Some file URIs don't get quoted and hashed correctly, and thus don't show their thumbnail
@jeff
Submitted by Jeff F.T. Assigned to Jeff F.T. @jeff
Description
http://specifications.freedesktop.org/thumbnail-spec/thumbnail-spec-latest.html
http://community.roxen.com/developers/idocs/rfc/rfc2396.html
About 95% of my files with esoteric filenames get quoted and hashed correctly so I can retrieve their thumbnail. However, in some corner cases it doesn't work. For instance, take this "raw" (unquoted) URI that we get from gst discoverer:
file:///home/jeff/Vidéos/AZO FAQs - My real job?.mp4
After it goes through pitivi's quote_uri:
file:///home/jeff/Vid%C3%A9os/AZO%20FAQs%20-%20My%20real%20job?.mp4
Apparently, this URI is not encoded/quoted correctly. Therefore, the thumbnail hash we compute from it (39a51fe1c4e8e416910c2e372e5c000d) is incorrect.

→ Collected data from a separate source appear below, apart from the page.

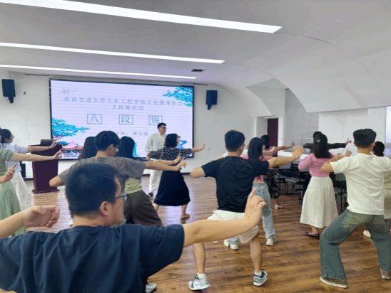 随后,协会会长王楠老师介绍了协会第一次活动——八段锦工间操,八段锦功法是我国经典的传统养生功法之一,注重身心合一,有着丰富的历史内涵和文化底蕴。通过学练八段锦,达到祛病健身,提升教职工工作效率和健康状态。协会邀请了土木工程公司谭力豪老师担任总教练,谭力豪老师主攻民族传统体育方向,曾荣获四川省高校健身气功比赛八段锦普及功法第一名。
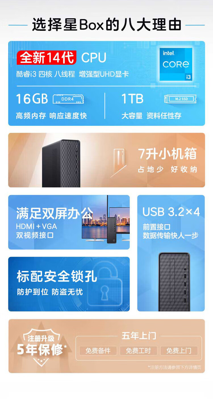 惠普(HP)星Box商用台式电脑商务办公台式机 (14代i3-14100 16G 1TBSSD WiFi Office)单主机 N01/台
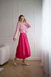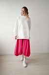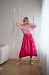 Новая в нашей коллекции юбка А-силуэта. Низ юбки напоминает классический фасон «баллончик», однако наша версия не утяжелена подкладом. Это делает ее эффектной, яркой, при этом лёгкой, воздушной и достаточно простой в уходе. Юбка не сковывает шаг, а благодаря поясу с мягкой резинкой внутри, модель комфортно садится на талию. Также мы предусмотрели по поясу шлефки, чтобы можно было носить любимый ремешок. Юбка выполнена из натуральной ткани - итальянского поплина высокого качества. “Baloon” станет ярким акцентом в гардеробе. Такой фасон стильно смотрится с обувью на плоском ходу, кедами, кроссовками, мягкими балетками, что безусловно делает жизнь мамы проще. Новинка идеально подойдет на весну и лето. С ней можно создавать образы как на выход так и на каждый день. Подберите к нашей “Baloon” удобный верх из коллекции IVA Design и будьте неотразимы. Небольшая напоминалка - надеваем и снимаем через голову."

The code that handles the quoting (as best as it can) to match RFC 2396 is utils/misc.py's quote_uri:
parts = list(urlsplit(uri, allow_fragments=False))
Make absolutely sure the string is unquoted before quoting again!
raw = unquote(parts[2])
For computing thumbnail md5 hashes in the source list, we must adhere to
RFC 2396. However, urllib's quote method only uses alphanumeric and "/"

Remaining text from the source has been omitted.